**WHAT YOU SHOULD DO**
Within the records below, reproduce without change the lines from the line that has "Тәртіпсіз ел –" through the line that has "寒武纪股价午后一度涨超10%", and only those.

**INFORMATION SHOWN**
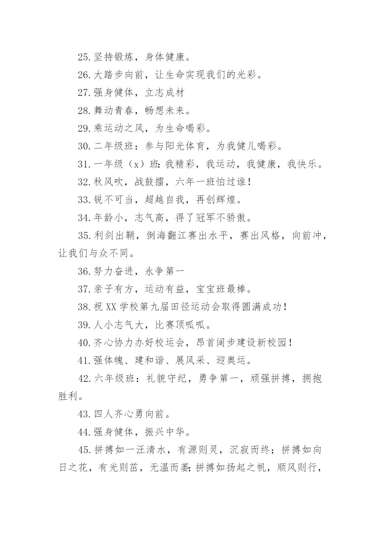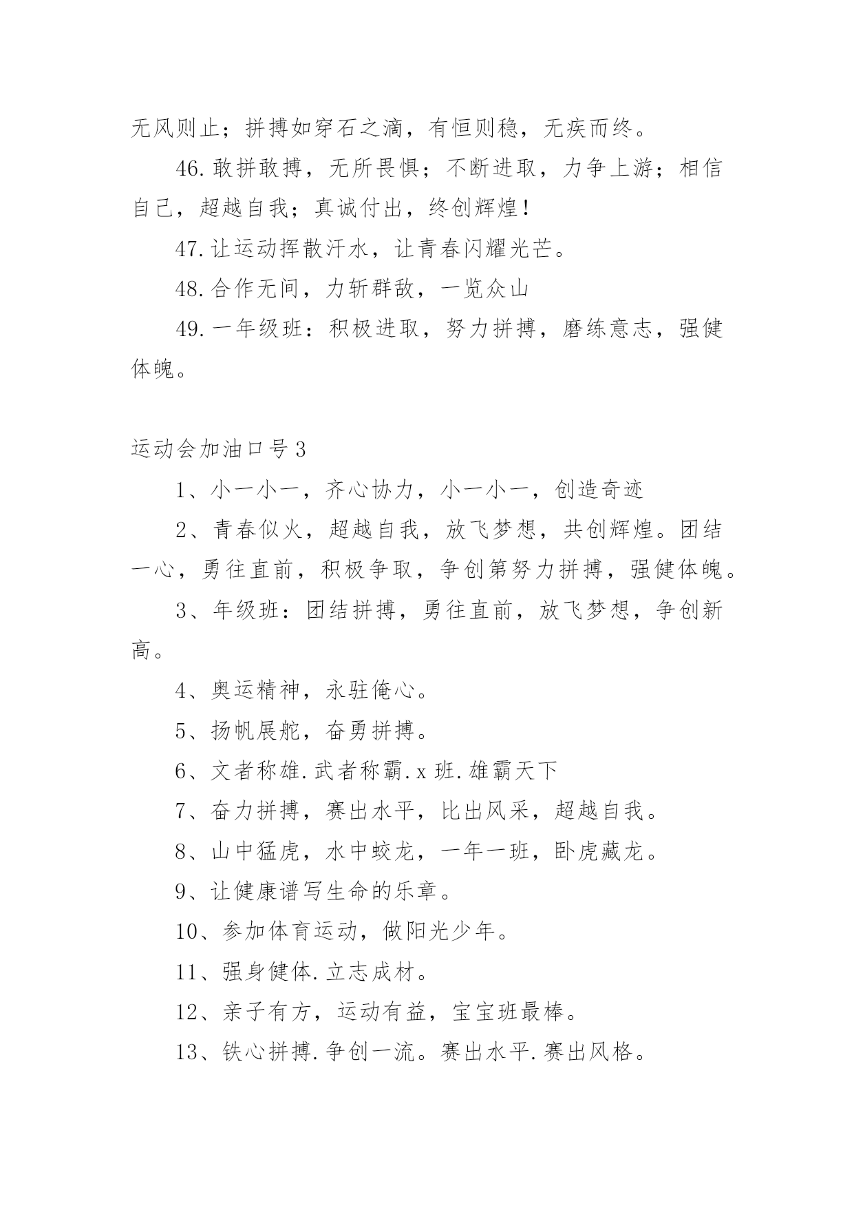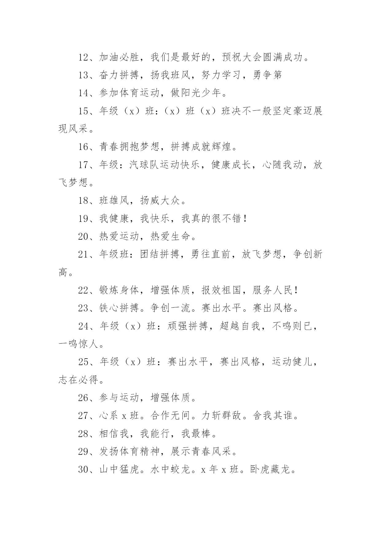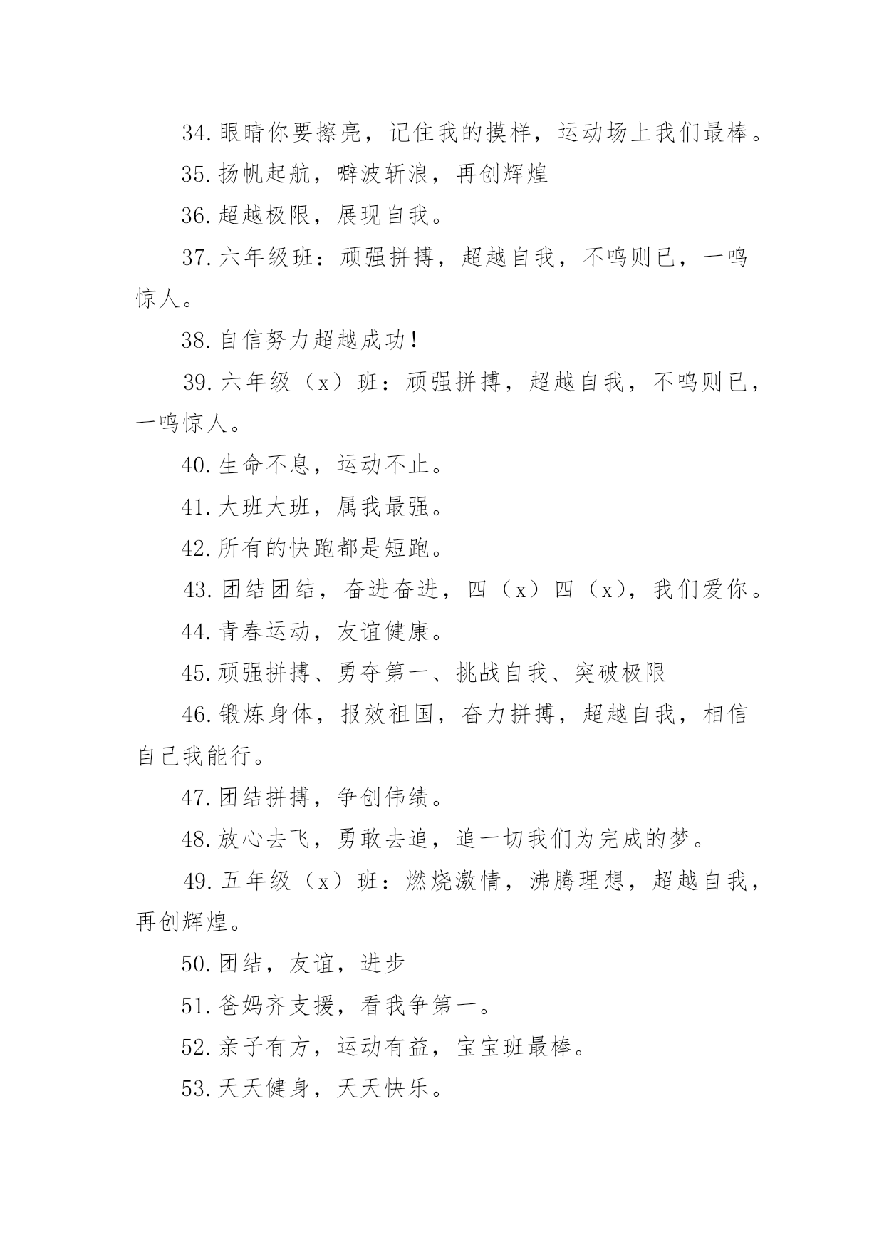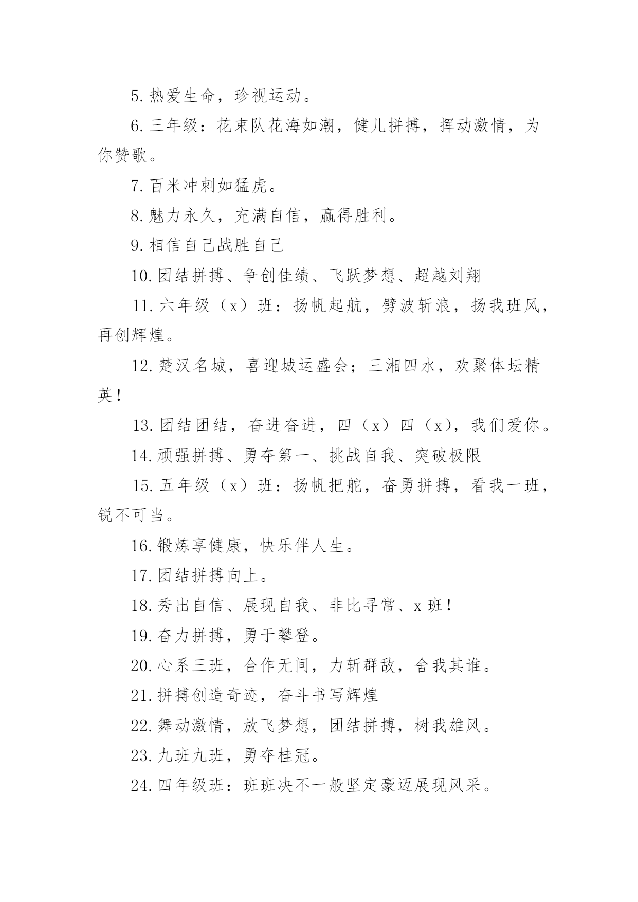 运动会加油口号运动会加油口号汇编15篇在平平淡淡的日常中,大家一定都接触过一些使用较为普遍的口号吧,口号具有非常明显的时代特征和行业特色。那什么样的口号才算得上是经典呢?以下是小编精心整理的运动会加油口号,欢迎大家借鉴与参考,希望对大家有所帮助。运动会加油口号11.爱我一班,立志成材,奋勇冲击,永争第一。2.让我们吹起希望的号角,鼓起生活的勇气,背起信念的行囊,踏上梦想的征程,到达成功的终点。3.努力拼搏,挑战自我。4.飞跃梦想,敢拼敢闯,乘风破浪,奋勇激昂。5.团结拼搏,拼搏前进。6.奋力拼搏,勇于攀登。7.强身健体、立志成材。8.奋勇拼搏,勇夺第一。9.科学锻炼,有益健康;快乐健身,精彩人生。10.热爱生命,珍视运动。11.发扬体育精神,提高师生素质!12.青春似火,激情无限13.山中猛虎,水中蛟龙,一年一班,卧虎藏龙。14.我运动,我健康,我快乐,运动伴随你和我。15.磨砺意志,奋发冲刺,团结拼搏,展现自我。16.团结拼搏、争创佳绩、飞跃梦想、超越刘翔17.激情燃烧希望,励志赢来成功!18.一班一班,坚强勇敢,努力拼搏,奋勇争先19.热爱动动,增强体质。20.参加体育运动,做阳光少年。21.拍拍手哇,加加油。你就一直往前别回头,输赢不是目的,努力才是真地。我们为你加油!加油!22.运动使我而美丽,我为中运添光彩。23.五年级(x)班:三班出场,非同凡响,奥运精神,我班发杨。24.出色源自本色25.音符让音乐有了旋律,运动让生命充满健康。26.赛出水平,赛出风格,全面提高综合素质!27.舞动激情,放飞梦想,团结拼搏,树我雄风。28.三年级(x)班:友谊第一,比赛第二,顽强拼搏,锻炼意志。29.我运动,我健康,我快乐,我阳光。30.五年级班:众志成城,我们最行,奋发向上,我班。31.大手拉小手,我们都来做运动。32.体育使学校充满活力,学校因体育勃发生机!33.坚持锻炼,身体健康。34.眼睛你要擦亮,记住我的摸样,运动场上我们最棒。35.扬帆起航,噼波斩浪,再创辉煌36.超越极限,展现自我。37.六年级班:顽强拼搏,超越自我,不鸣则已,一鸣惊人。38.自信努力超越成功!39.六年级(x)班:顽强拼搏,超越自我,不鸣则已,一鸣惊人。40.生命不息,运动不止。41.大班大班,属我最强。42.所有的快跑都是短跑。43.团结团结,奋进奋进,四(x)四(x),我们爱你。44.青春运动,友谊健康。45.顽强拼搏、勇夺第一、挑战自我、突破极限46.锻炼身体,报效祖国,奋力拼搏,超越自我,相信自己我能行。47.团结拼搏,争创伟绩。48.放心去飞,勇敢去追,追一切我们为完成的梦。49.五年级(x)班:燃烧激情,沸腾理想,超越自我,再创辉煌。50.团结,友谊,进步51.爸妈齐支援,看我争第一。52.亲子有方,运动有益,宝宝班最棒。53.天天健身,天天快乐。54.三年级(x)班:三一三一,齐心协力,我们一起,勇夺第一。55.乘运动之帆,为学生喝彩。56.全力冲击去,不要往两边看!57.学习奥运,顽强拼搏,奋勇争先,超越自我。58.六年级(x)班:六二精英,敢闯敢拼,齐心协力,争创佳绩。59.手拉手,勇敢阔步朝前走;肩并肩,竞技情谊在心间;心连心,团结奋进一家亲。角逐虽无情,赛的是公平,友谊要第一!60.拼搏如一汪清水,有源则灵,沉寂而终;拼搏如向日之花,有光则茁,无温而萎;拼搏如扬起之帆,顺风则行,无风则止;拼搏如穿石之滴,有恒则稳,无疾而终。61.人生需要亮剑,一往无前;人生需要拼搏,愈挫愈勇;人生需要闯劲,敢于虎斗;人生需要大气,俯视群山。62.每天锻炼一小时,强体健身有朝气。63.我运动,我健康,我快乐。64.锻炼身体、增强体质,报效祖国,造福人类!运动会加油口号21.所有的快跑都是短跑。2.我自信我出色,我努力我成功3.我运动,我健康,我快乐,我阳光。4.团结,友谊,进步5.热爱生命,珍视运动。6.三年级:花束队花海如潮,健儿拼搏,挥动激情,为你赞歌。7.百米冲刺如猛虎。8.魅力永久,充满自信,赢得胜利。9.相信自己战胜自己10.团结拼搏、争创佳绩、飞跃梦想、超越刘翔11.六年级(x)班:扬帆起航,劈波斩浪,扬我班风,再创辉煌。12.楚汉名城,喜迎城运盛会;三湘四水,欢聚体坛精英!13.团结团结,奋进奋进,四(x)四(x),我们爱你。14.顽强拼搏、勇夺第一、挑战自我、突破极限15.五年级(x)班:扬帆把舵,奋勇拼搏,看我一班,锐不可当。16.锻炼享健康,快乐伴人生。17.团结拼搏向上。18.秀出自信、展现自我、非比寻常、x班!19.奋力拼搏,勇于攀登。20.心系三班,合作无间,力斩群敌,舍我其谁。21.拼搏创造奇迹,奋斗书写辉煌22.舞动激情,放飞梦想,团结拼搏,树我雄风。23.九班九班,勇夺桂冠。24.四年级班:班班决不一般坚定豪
==
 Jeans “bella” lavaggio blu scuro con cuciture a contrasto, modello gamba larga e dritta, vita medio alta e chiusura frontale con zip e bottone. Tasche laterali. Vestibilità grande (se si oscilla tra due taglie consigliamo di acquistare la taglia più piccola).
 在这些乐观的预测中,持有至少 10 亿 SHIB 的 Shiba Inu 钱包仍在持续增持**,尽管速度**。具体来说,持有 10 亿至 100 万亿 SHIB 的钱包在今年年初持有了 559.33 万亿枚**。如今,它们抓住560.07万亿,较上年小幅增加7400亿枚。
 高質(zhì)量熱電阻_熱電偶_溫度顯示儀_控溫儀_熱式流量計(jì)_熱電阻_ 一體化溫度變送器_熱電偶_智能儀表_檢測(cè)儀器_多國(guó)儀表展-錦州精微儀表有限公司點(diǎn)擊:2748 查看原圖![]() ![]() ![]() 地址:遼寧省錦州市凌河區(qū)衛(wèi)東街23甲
--
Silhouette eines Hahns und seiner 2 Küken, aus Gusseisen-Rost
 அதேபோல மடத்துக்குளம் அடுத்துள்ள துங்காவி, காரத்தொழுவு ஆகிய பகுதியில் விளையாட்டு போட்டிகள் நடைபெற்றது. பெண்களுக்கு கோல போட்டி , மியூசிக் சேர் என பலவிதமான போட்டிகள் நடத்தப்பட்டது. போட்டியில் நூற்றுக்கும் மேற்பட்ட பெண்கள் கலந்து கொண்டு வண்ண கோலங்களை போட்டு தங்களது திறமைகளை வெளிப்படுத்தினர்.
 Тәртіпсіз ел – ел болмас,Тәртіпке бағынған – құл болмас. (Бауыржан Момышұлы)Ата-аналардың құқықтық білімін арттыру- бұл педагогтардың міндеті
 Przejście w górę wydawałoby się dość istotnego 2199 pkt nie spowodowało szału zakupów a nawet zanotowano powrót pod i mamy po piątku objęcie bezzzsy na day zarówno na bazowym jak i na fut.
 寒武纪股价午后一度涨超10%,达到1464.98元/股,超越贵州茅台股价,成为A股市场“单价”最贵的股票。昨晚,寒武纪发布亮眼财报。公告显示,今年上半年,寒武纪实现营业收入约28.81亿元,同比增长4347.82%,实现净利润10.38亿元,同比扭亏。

**ANSWER BOX**
 Тәртіпсіз ел – ел болмас,Тәртіпке бағынған – құл болмас. (Бауыржан Момышұлы)Ата-аналардың құқықтық білімін арттыру- бұл педагогтардың міндеті
 Przejście w górę wydawałoby się dość istotnego 2199 pkt nie spowodowało szału zakupów a nawet zanotowano powrót pod i mamy po piątku objęcie bezzzsy na day zarówno na bazowym jak i na fut.
 寒武纪股价午后一度涨超10%,达到1464.98元/股,超越贵州茅台股价,成为A股市场“单价”最贵的股票。昨晚,寒武纪发布亮眼财报。公告显示,今年上半年,寒武纪实现营业收入约28.81亿元,同比增长4347.82%,实现净利润10.38亿元,同比扭亏。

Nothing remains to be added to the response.